§ **Task instructions**
Transcribe nothing except the lines below that run from the one with "無垢材フレーム【ピンク肌触りの良いラムスキン】360°回転" to the one with "وفيما يلي إنفوغراف", ends included, and do not copy any picture.
**** Material shown ****
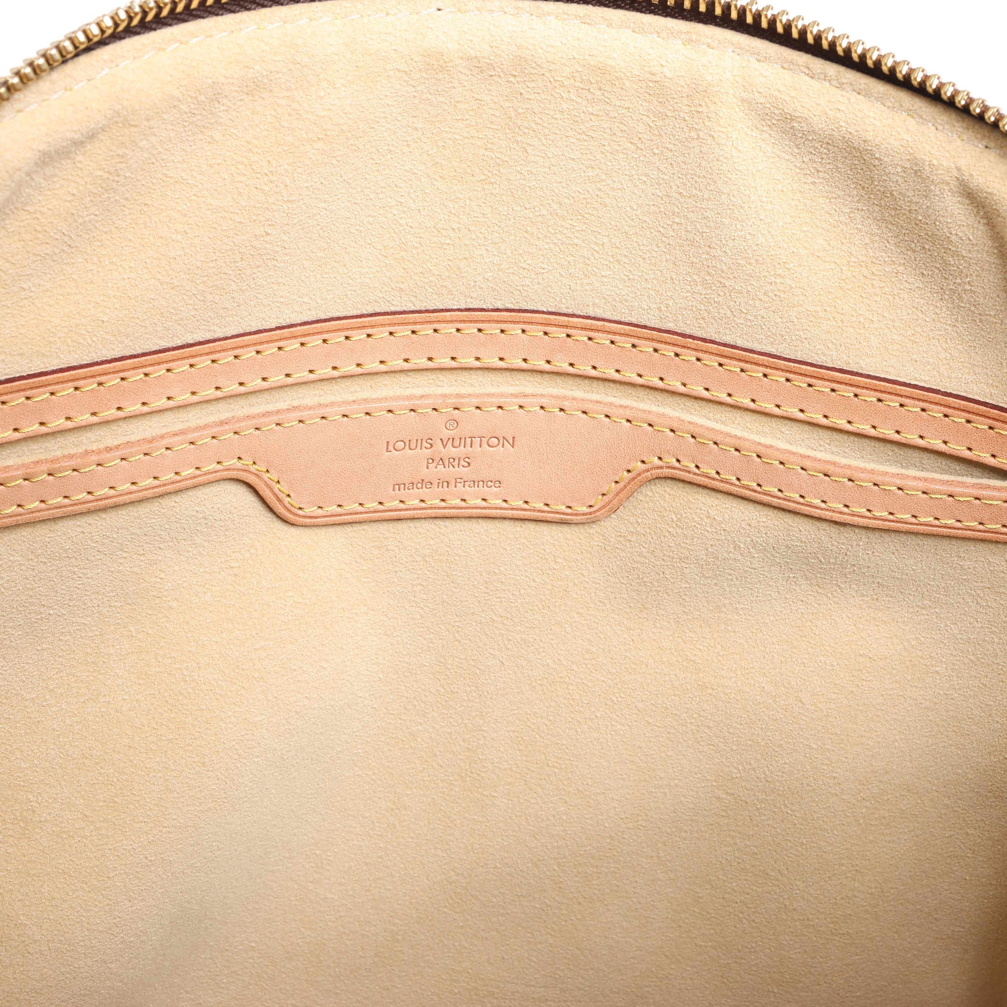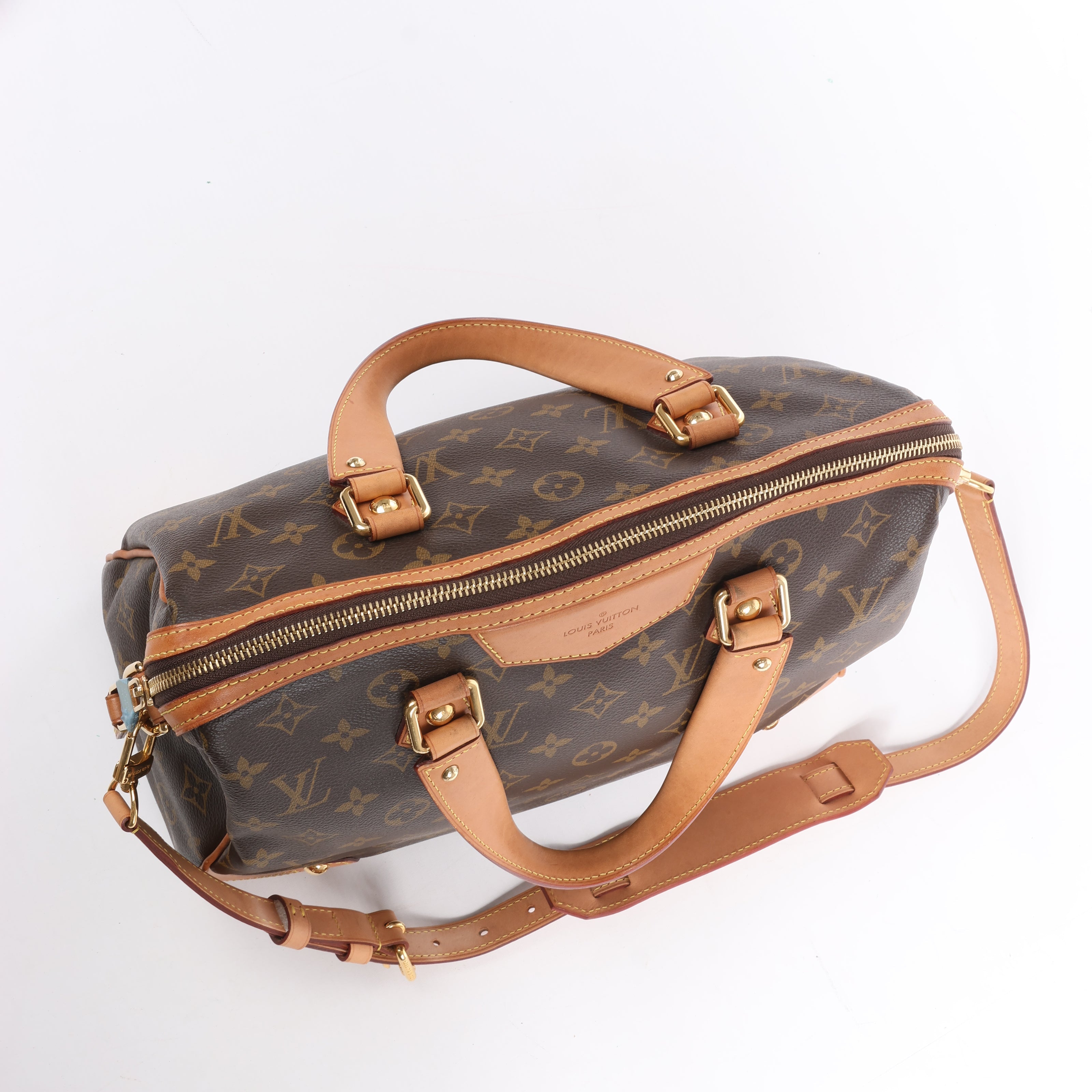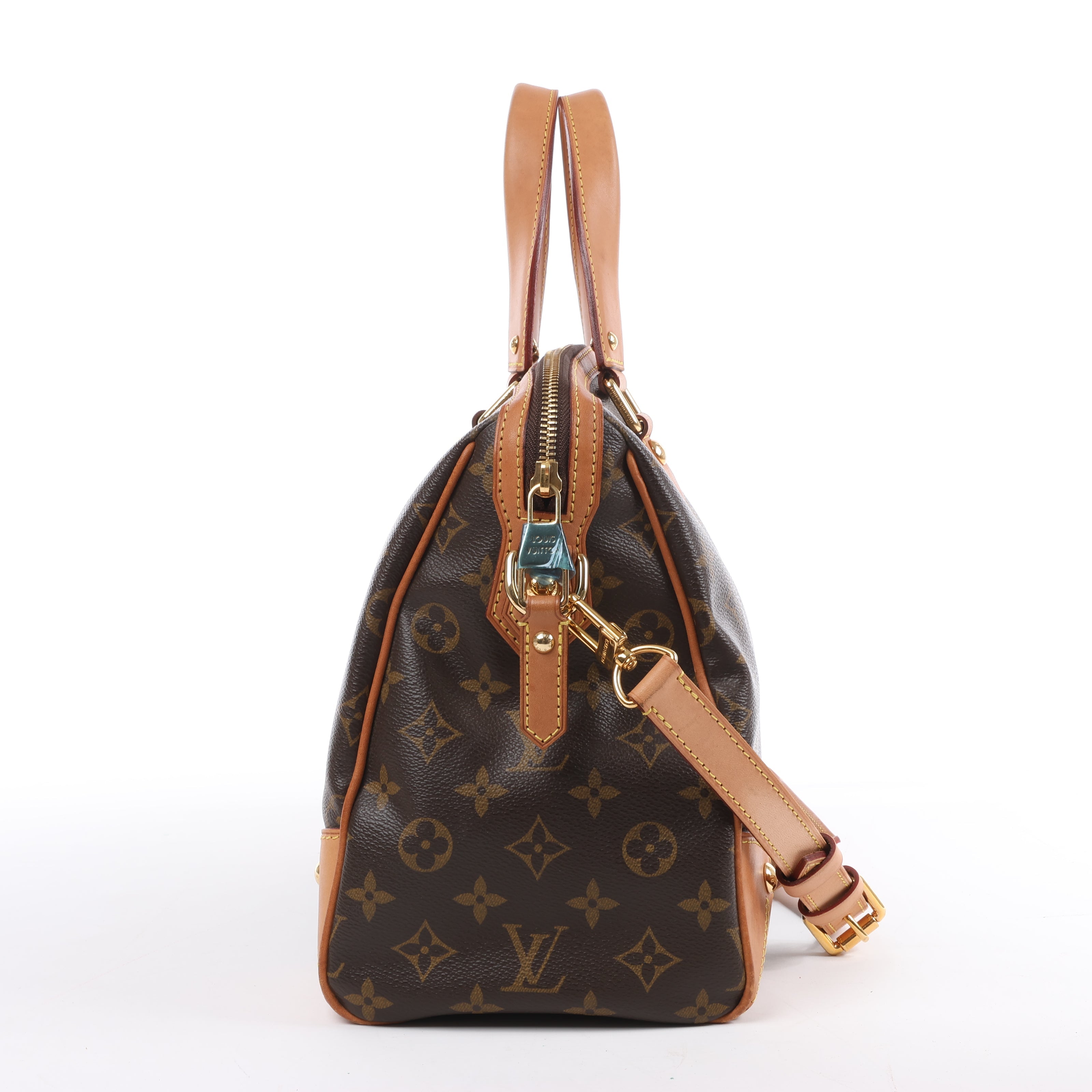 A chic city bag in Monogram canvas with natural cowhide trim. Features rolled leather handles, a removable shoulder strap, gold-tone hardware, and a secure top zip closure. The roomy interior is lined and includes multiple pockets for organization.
****
**** Material shown ****
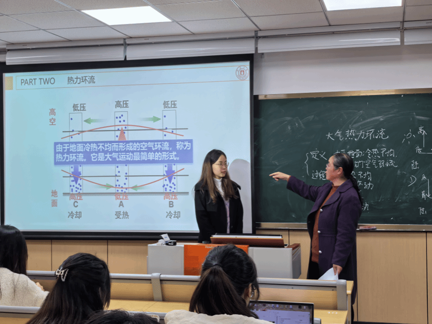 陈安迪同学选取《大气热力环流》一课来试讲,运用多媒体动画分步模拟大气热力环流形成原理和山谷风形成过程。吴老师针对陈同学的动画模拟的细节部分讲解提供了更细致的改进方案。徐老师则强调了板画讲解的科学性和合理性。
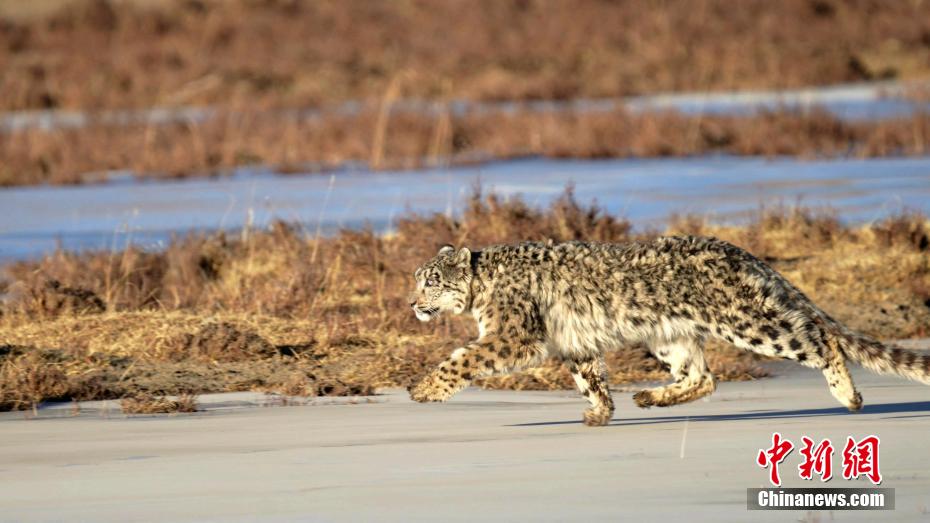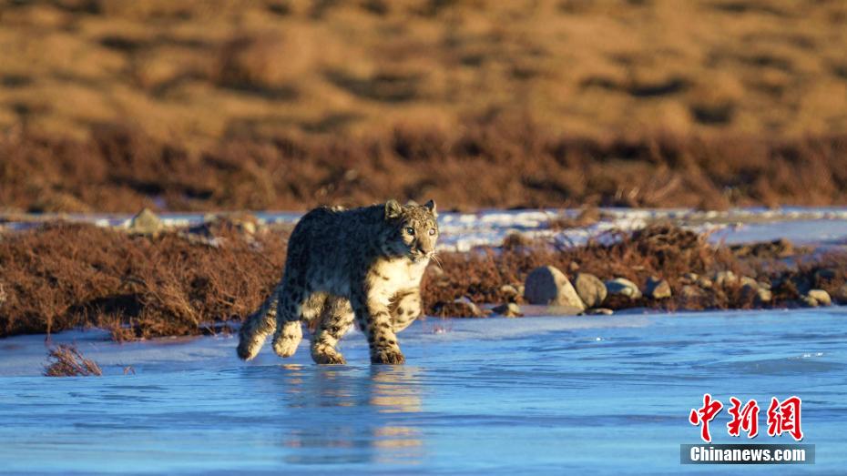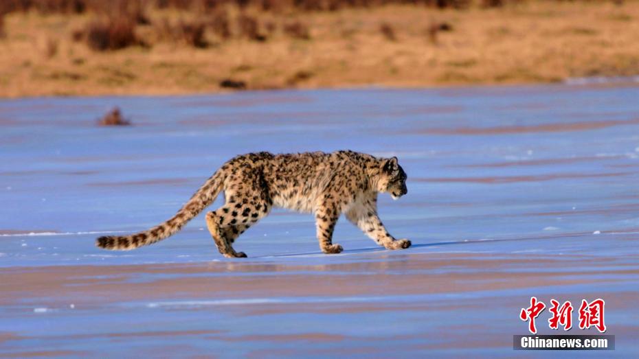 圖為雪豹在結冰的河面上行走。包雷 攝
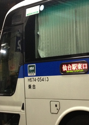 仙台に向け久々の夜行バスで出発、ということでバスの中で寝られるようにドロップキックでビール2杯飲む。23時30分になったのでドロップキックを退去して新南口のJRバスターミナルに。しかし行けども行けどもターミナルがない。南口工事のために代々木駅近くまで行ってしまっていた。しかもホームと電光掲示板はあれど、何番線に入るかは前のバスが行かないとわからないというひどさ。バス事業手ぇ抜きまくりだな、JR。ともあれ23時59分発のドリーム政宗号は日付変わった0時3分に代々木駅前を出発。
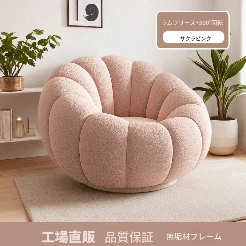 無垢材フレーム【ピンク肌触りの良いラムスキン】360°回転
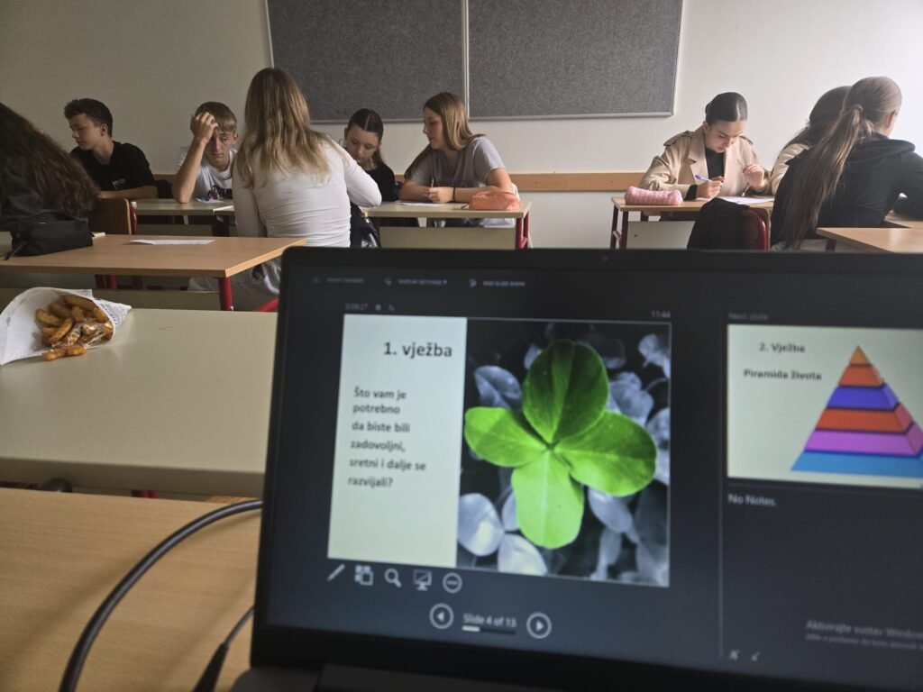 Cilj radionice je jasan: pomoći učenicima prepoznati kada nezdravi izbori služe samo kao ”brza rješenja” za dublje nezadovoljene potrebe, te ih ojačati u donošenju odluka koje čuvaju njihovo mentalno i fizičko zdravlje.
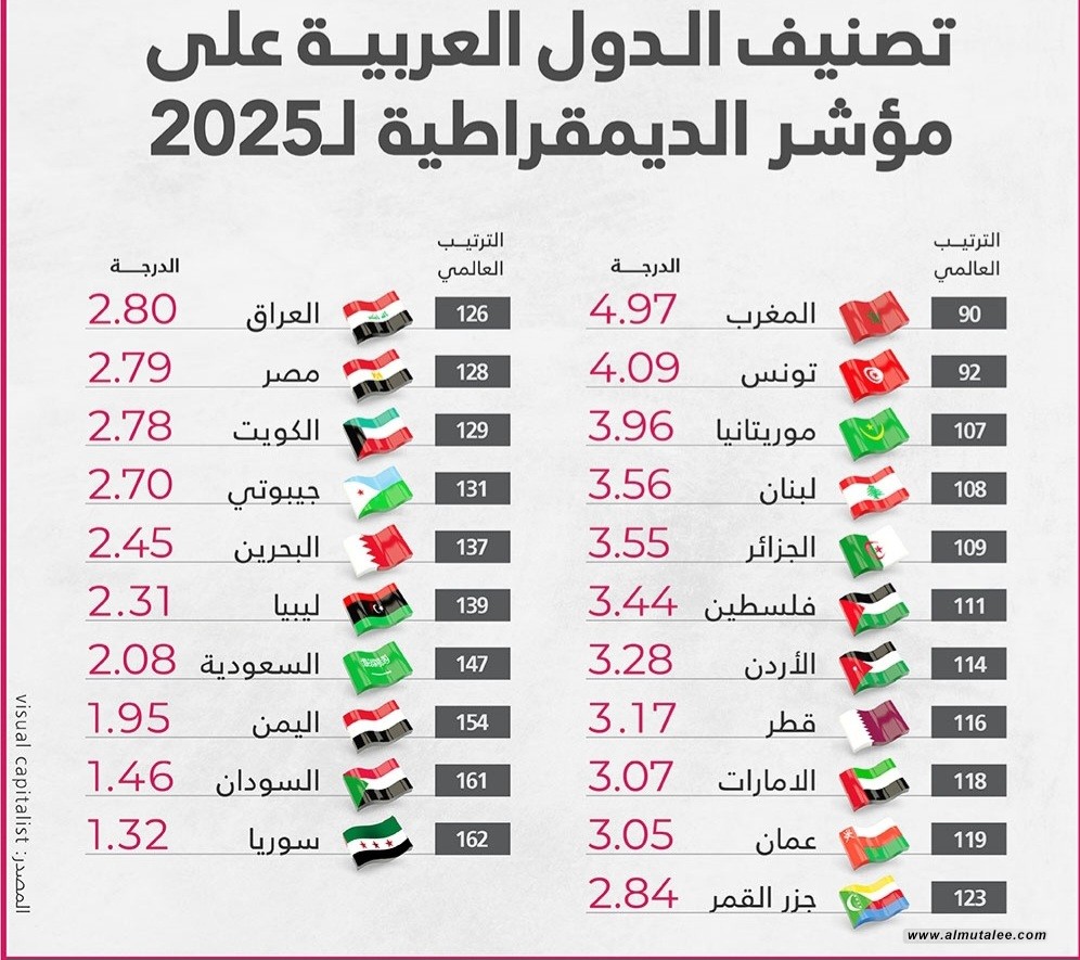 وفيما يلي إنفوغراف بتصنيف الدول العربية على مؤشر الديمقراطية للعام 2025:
****
**** Material shown ****
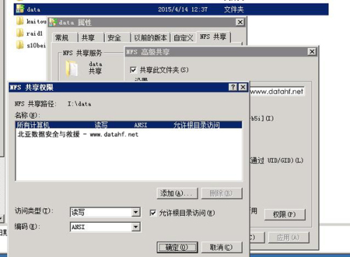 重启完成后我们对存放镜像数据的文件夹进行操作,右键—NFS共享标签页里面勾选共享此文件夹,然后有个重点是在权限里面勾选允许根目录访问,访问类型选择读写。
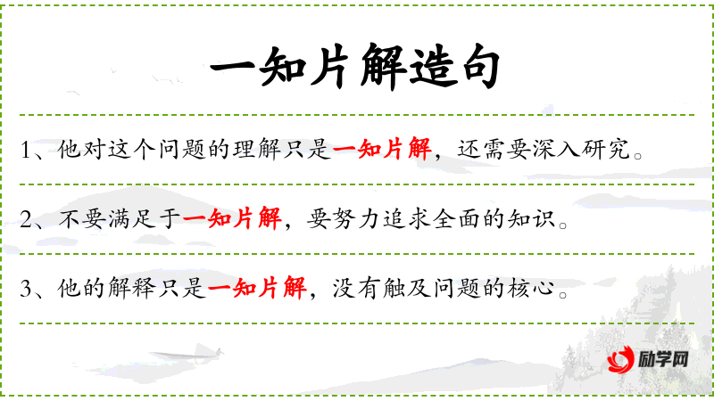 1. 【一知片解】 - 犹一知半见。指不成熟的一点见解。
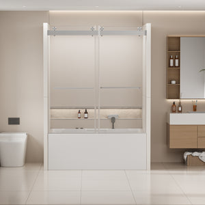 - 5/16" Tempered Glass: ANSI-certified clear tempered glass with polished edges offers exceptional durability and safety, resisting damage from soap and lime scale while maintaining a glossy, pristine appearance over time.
****
§ **Result of this exercise**
 無垢材フレーム【ピンク肌触りの良いラムスキン】360°回転
 Cilj radionice je jasan: pomoći učenicima prepoznati kada nezdravi izbori služe samo kao ”brza rješenja” za dublje nezadovoljene potrebe, te ih ojačati u donošenju odluka koje čuvaju njihovo mentalno i fizičko zdravlje.
 وفيما يلي إنفوغراف بتصنيف الدول العربية على مؤشر الديمقراطية للعام 2025:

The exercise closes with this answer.